## Given data

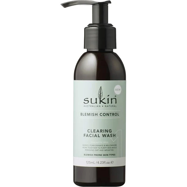 Experience a refreshing and effective approach to blemish control with Sukin's blemish control clearing facial wash. Crafted with a powerful blend of natural ingredients, this facial wash is designed to target and combat blemishes while maintaining your skin's delicate balance. Infused with willowherb, a botanical renowned for its calming properties and quince, known for its high vitamin C content, this gentle yet potent formula cleanses deeply to unclog pores and reduce the appearance of blemishes. The sulphate-free cleanser is enriched with eucalyptus and tea tree oil, providing antibacterial benefits to leave your skin feeling purified and revitalized. Incorporate this into your daily skincare routine for a clearer complexion, as it works harmoniously to promote a healthy, blemish-free glow.Features Natural antibacterial properties for blemish-fighting effectiveness. Mild yet effective exfoliants for a smoother, clearer complexion. Aids in reducing inflammation and promoting skin renewal. Calms irritated skin, leaving a soothing and refreshed feeling. Nourishes and protects, supporting overall skin health and vitality.
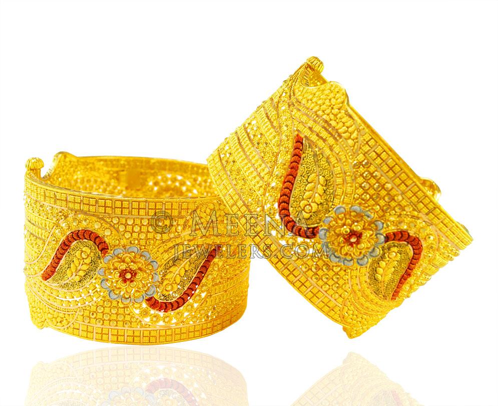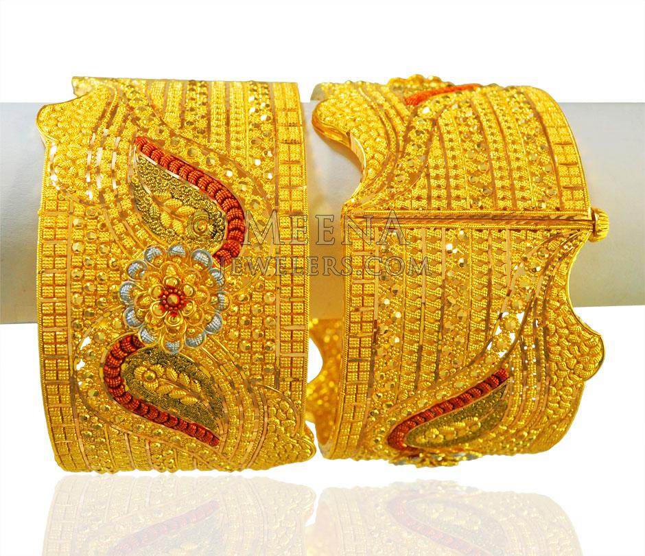 22K Gold Wide Tri Color Kada (2pcs). Kadas are handcrafted with fine filigree work in combination with Machine cut work. Three tone color work gives traditional look to it.
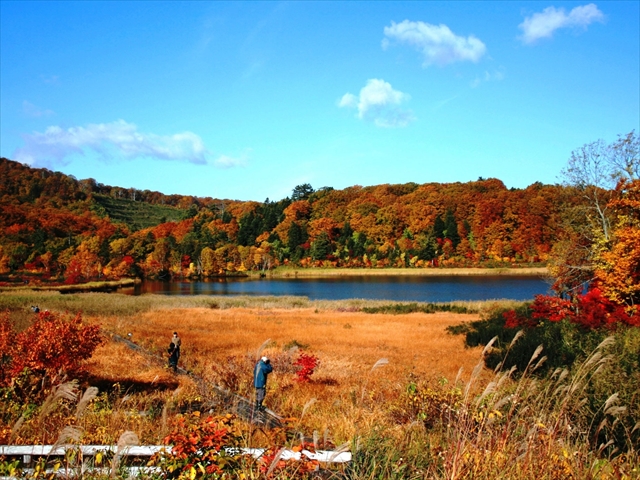 大沼湿原に整備された散策路。大沼を囲むように木道が敷かれ、森や湿原の植物を観察しながら30~40分で1周できる。標高約1000mに位置し、レンゲツツジやワタスゲなど高山植物の宝庫でもある。春や初夏、紅葉の時期が見ごろ。

## What needs to be done
Every line above should be transcribed word for word; leave the pictures out.

## Task output
 Experience a refreshing and effective approach to blemish control with Sukin's blemish control clearing facial wash. Crafted with a powerful blend of natural ingredients, this facial wash is designed to target and combat blemishes while maintaining your skin's delicate balance. Infused with willowherb, a botanical renowned for its calming properties and quince, known for its high vitamin C content, this gentle yet potent formula cleanses deeply to unclog pores and reduce the appearance of blemishes. The sulphate-free cleanser is enriched with eucalyptus and tea tree oil, providing antibacterial benefits to leave your skin feeling purified and revitalized. Incorporate this into your daily skincare routine for a clearer complexion, as it works harmoniously to promote a healthy, blemish-free glow.Features Natural antibacterial properties for blemish-fighting effectiveness. Mild yet effective exfoliants for a smoother, clearer complexion. Aids in reducing inflammation and promoting skin renewal. Calms irritated skin, leaving a soothing and refreshed feeling. Nourishes and protects, supporting overall skin health and vitality.
 22K Gold Wide Tri Color Kada (2pcs). Kadas are handcrafted with fine filigree work in combination with Machine cut work. Three tone color work gives traditional look to it.
 大沼湿原に整備された散策路。大沼を囲むように木道が敷かれ、森や湿原の植物を観察しながら30~40分で1周できる。標高約1000mに位置し、レンゲツツジやワタスゲなど高山植物の宝庫でもある。春や初夏、紅葉の時期が見ごろ。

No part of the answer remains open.